Under Genealogical Adam, however, a Flood at that date, or more in line with a Meopotamian flood c2900, is little problem. As Josh says, the Bible account is about the descendants of Adam, who might well be in an area restricted enough to perish in a large flood (Black Sea or Meospotamia). And there is still ample time for Noah to become a universal common ancestor, even if the text requires that all Adam’s descendants perish.
For myself, I prefer the later Flood date to mesh better with other evidence from ANE literature, etc, but it doesn’t affect the science significantly.
Regarding the flood, I have become convinced that part of the answer is taking a new look at the science and part of the answer is taking a new look at the scriptures. The church has early Genesis wrong. They are not seeing Christ in the text when its really all about Him. Now I can go on about this subject way beyond most people’s level of interest. I don’t want to do that to you right off the bat. So I will just say that, in addition to that book, I have a series of 20 minute videos showing where the scripture talks about a population of humans outside the garden as well as Adam and Eve, and where a close look at the text shows that the sense in which the flood would cause global destruction is not that all would drown in the flood, but rather if the line of Messiah was cut off then the world would never have a savior.
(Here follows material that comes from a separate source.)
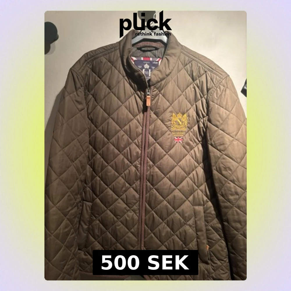Snygg quiltad brun jacka från Morris med gul brodyr och brittisk flagga på bröstet. Jackan har dragkedja framtill, ribbade detaljer och två fickor. Perfekt för dig som gillar klassisk stil med modern twist.

And I have a video showing that the bible assumes that there were other survivors after the flood, besides the clans of Noah. If you are willing to endure any of that let me know and I will post a link.
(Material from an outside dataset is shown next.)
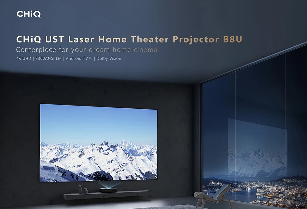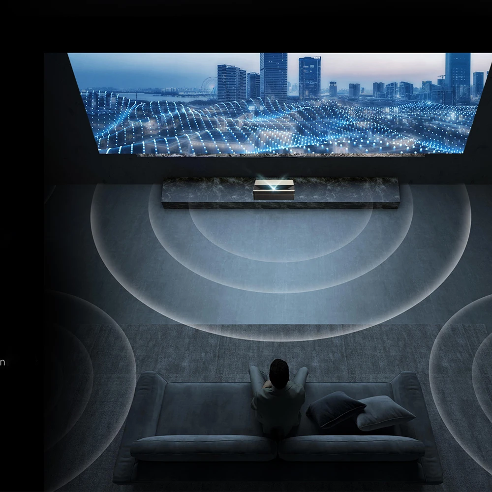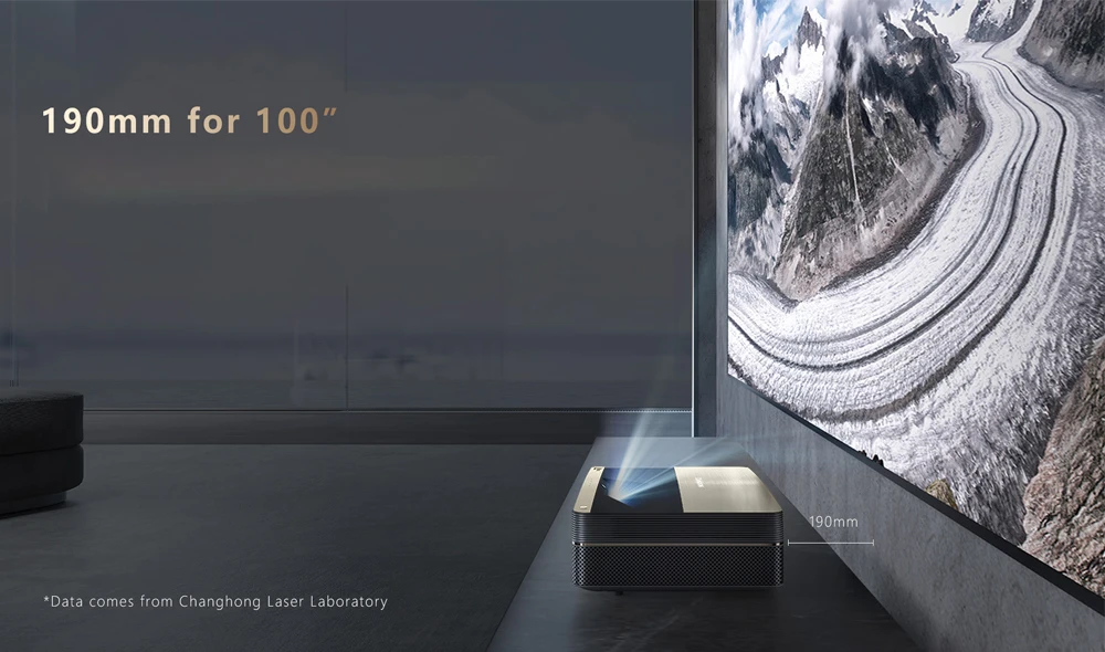 С сверхкоротким коэффициентом броска 0,21: 1, гигантская проекция 100. Требуется только расстояние 190 мм между краем проектора и экраном.

Thus is frustrating because one misunderstanding is built on another, and by the time we get to the flood people are so used to a particular train of thought that you can’t just fire off bullet points and expect it to make any sense. So it does take a whole book to start from the beginning and lay it out properly.
I guess I could point him to Genesis 11:1-4 and wonder, if the clans of Noah were in one place, who was the “whole earth” doing the speaking? And if there was no one else around then why are they worried about “making a name for themselves”? Who were they trying to impress?
Also, Ronald could get a concordance and see that when Yahweh says that he will destroy the men whom He has made in 6:7 there is a different Hebrew word for “destroy” than what Elohim is saying when He frets about the end of all flesh in 6:17. Some of the confusion is our translations which translate DIFFERENT Hebrew words into the SAME English word!